Now I need to write counter() to take the reader to read lines from and count words.

fn counter<R: BufRead> ( reader: &mut R ) -> Result<( i32, i32 ), String> {

    // Define our line and word count variables
    let mut total_lines: i32 = 0;
    let mut total_words: i32 = 0;

    // Create a String. This will be where each line is read to
    let mut line = String::from( "" );

    // Start a loop
    loop{ 

        // Attempt to read a line into 'line'
        match reader.read_line( &mut line ) {

            // We successfully read some bytes
            Ok( _ ) => {

                    // Exit loop if we didn't read any data.
                    if line.len() == 0 {
                        break;
                    }

                    // Trim the string and increment lines & words
                    line = line.trim().to_string();
                    total_lines += 1;
                    total_words += count_words( &line );
                    // Clear the string buffer
                    line.clear(); 
            },
            // If an error occurred, return it early
            Err( why ) => return Err( why.to_string() )
        };
    

    }
    // Return the counts if everything went ok.
    Ok( ( total_lines, total_words ) )
}

I got stuck here for a while trying to directly pass the BufReader in to counter(), when actually I should’ve been more aware of how to use traits. It turns out that it’s better to use traits and static dispatch: (fn counter<R: BufRead>).

This is the best I can explain it: When I open the file, Rust returns a reader which can be of any type because they can be created from network sockets, files, devices, etc. What makes it a reader is the fact that it implements the Read trait. Therefore, our function should accept an unknown type as long as it’s a reader.

So counter() accepts objects with the BufRead trait, like our BufReader.

Anyway, the function reads lines from the reader and passes them to count_words(). If the line is blank we break and return the counts, and if there’s an error we return an Err early. It returns a successful result of an i32 tuple of lines and words.

Function: count_words

Next, I’ll write my count_words() function. This is the simplest one. It takes a string, iterates through the characters and counts the occurrances of whitespace, returning the count.

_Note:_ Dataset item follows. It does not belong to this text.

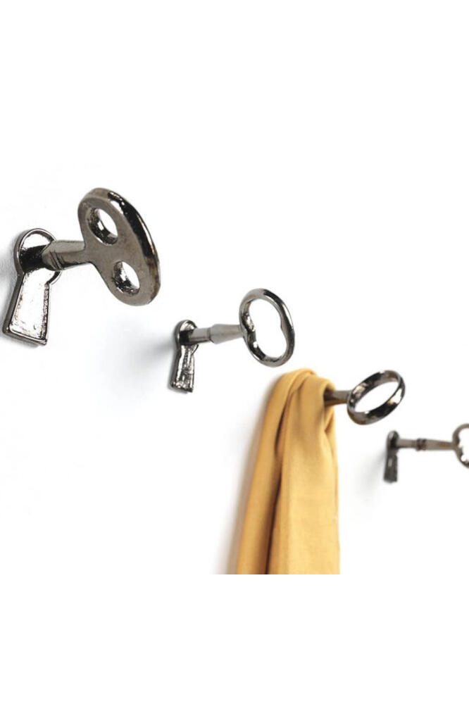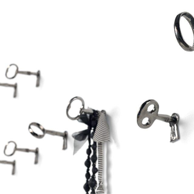 Memorie ist ein Set aus 4 Kleiderhaken in Form von Schlüsseln, die du frei an der Wand positionieren kannst. Die Schlüssel sind aus vernickeltem Messing gefertigt und sind ein echter Hingucker zum Beispiel im Eingangsbereich. Eine kreative Möglichkeit den Schal, Hut oder die Jacke aufzuhängen und eine originelle Wanddeko zugleich. Memorie wurde von Luca Somaini für Mogg entworfen. Die Kleiderhaken werden einfach mit einem Dübel und einer Schraube an der Wand befestigt.

fn count_words( s: &String ) -> i32 {

    let mut words: i32 = 0;

    for c in s.chars() {

        if c.is_whitespace() {
            words += 1;    
        }
        
    }

    words + 1
}

Putting it all together

So our program is complete! Now I can run it to see what happens.

$ time cargo run ../data/comments.txt ../data/posts.txt
    Finished dev [unoptimized + debuginfo] target(s) in 0.0 secs
     Running `target/debug/wc-serial ../data/comments.txt ../data/posts.txt`
../data/comments.txt  4700 lines  1624970 words.
../data/posts.txt 22094 lines 4301338 words.

real  0m4.644s
user  0m4.558s
sys 0m0.049s

That’s about 34MB of data read in around 4.6 seconds.

The full program can be found on GitHub here.